Мысль развивалась далее: рано или поздно вся эта суета кончится, и нужно будет встретиться с Авдотьей хотя бы на свадьбах дочек. И что ей тогда сказать? Что осквернила супружеское ложе? Как ее побольнее уязвить?
И мысль вернулась к ключнице Марье: как она там, в Москве, жива ли?
И еще дальше в прошлое унеслась мысль — к первой жене, к Агафье…
— За что ты меня покинула? — спросил ее Иван Андреевич. — Чем я тебе был плох? Может, еще бы сынов нарожала, а покинула… И по сей день тебя в том виню, а простить не могу…
Он встал, пошел к свечному ящику, приобрел две свечки — одну на канунник, за упокой Агафьиной души, другую… Другую — Богородице, за Марью…
Затеплив свечки, вернулся, приобрел третью — поставить за Гаврюшку. И тем кончились его умозрительные беседы — кончились до следующего дня.
Он вышел из храма и вдохнул свежий весенний воздух. Над колокольней кружили и орали чайки. Двое трудников тащили носилки с кирпичами, один поскользнулся и выразился неудобь сказуемо, другой на это рассмеялся.
Разумеется, Деревнин каждый день ждал внука, чтобы узнать новости. Главной пока что была такая: река вскрылась. Гаврюшка хвастливо доложил, что английских судов можно ждать уже скоро, потому что севернее Двинской губы, пройдя Белое море, вода уже чиста, а почему — потому что там она течет теплая. Внук был очень доволен своими новыми знаниями и даже начал задирать нос.
Ночевал Гаврюшка когда как — то в келье у деда, где ему не очень нравилось, то в амбаре, помогая охранять товары Третьяка Яковлева, то в избе Овдокима, Перфирьева сына, и это было лучше всего — взрослые мужики брали его с собой в баню. Свободное от яковлевских дел время проводил на пристани, где завел приятелей среди поморских подростков, и уже мог ошарашить Деревнина загадочными речениями:
— А ходить там нужно знаючи, потому — на костистом прибрежье вода ярится, а коли несхожие ветры падут — так беда! И все твое дельце провалится в канский мох!

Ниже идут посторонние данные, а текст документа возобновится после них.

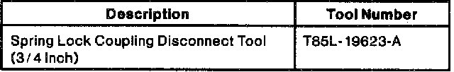 5. Disconnect the suction accumulator/drier, using Spring Lock Coupling Disconnect Tool T85L-19623-A, and cap the openings to prevent the entry of dirt and moisture.
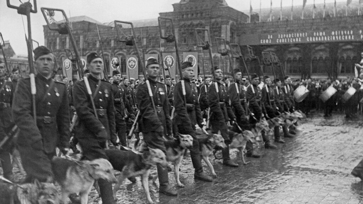 Советские штандарты с наименованием фронтов, под которыми шли сводные полки, шили специалисты Большого театра, а немецкие трофейные флаги общим числом в девять сотен были собраны по всей Германии. Из них к подножию Мавзолея бросят двести. На лобном месте был установлен 26-метровый Фонтан Победителей - «гранитный макет Дома Советов», как писала газета «Правда». Планировался пролет над Красной Площадью 216 самолетов, но буквально за 15 минут до начала Парада полил сильный дождь и авиапраздник пришлось отменить. Командовал Парадом Маршал Рокоссовский на коне вороной масти, принимал Парад маршал Жуков на белом коне. Гимн Советского Союза исполнял оркестр из 1400 военных музыкантов. Героический пес Джульбарс, который помог саперам обнаружить более 7 тысяч мин, по причине ранения не смог пройти в составе школы военных собак и его на руках на кителе Сталина, специально отданном для Джульбарса, пронес командир 37-го отдельного батальона разминирования майор Александр Мазовер (правда, на кинокадрах Парада Джульбарса нет, поэтому, скорее всего, это всего лишь красивая легенда. Но, с другой стороны, Сталин лично просмотрел смонтированный репортаж с Парада, после чего его заново перемонтировали, и какова была первоначальная версия мы уже не узнаем. Так что, возможно, вождь просто не захотел видеть кадры со своим поношенным кителем). Вместе с советскими солдатами в Параде приняла участие знаменная рота Войска Польского. Последними шли 1850 единиц боевой техники – зенитные установки, артиллерийские системы, гвардейские минометы «Катюша», бронемашины, самоходки, танки Т-34 и ИС-2.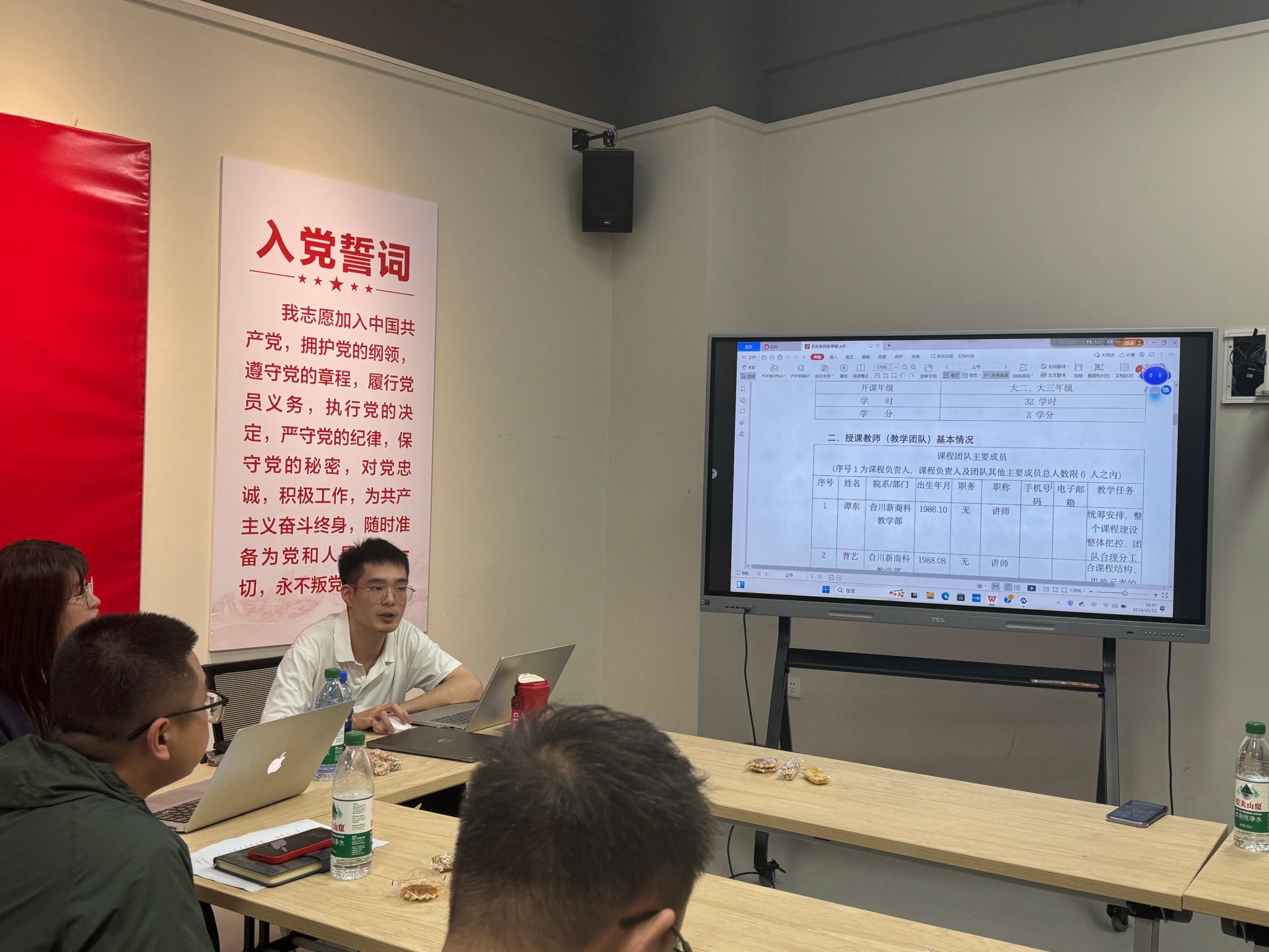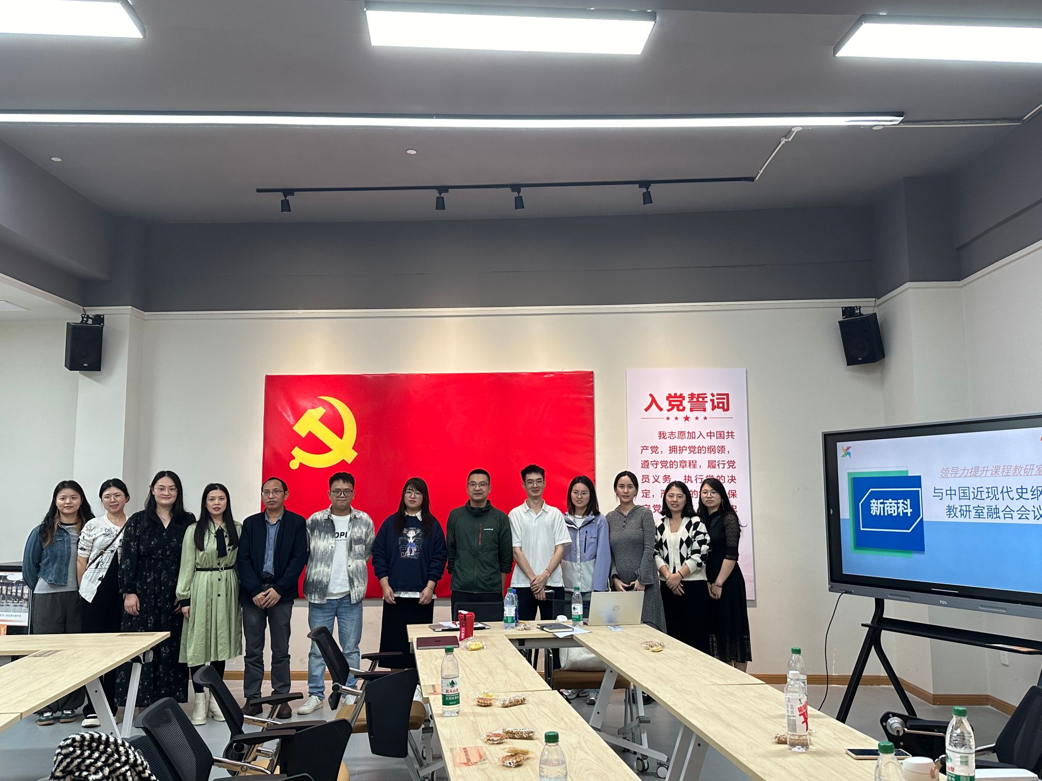 浇花浇根,育人育心,立德树人,思政为先。为贯彻落实《重庆移通学院2024年教育教学重点工作计划(移通〔2024〕52号)》文件精神,推进思政课程与课程思政建设同向同行,10月23日下午16点30分,马克思主义学院中国近现代史纲要教研室与新商科教学部领导力提升课程教研室于南湖书院举行了一场交流融合会,共同探讨如何搭建课程思政教学案例库。此次会议由中国近现代史纲要教研室主任李阳老师和领导力提升课程教研室主任王力东老师主持,两教研室教师代表参加。

Познакомился он и со старыми вожами, жившими на покое, навещал их вместе с Теренком, даже помогал выходить на пристань, а уж послушать их было великим удовольствием. Вож на Севере — важнее воеводы, потому что воевода в море не ходит, а вож знает каждый подводный камушек, всякую причуду ветров и течений.
И вот внук прибежал с настоящей новостью: вдали показалось судно под многоярусными парусами, перед ним идет коч, с которого то и дело совершают промеры глубины.
— А на судне, поди, наши вожи! Или урманские, придет — узнаем!
— Стой, стой! — закричал Деревнин. — Помнишь ли, что должен делать?
— Да знаю, знаю, сколько уж раз говорили! Не упускать из виду Савву Дементьева, Третьяка Иваныча, Шипицына, Неустроя Иванова! И, коли замечу у кого-то из них письмо — сделать так, чтобы оно ко мне попало.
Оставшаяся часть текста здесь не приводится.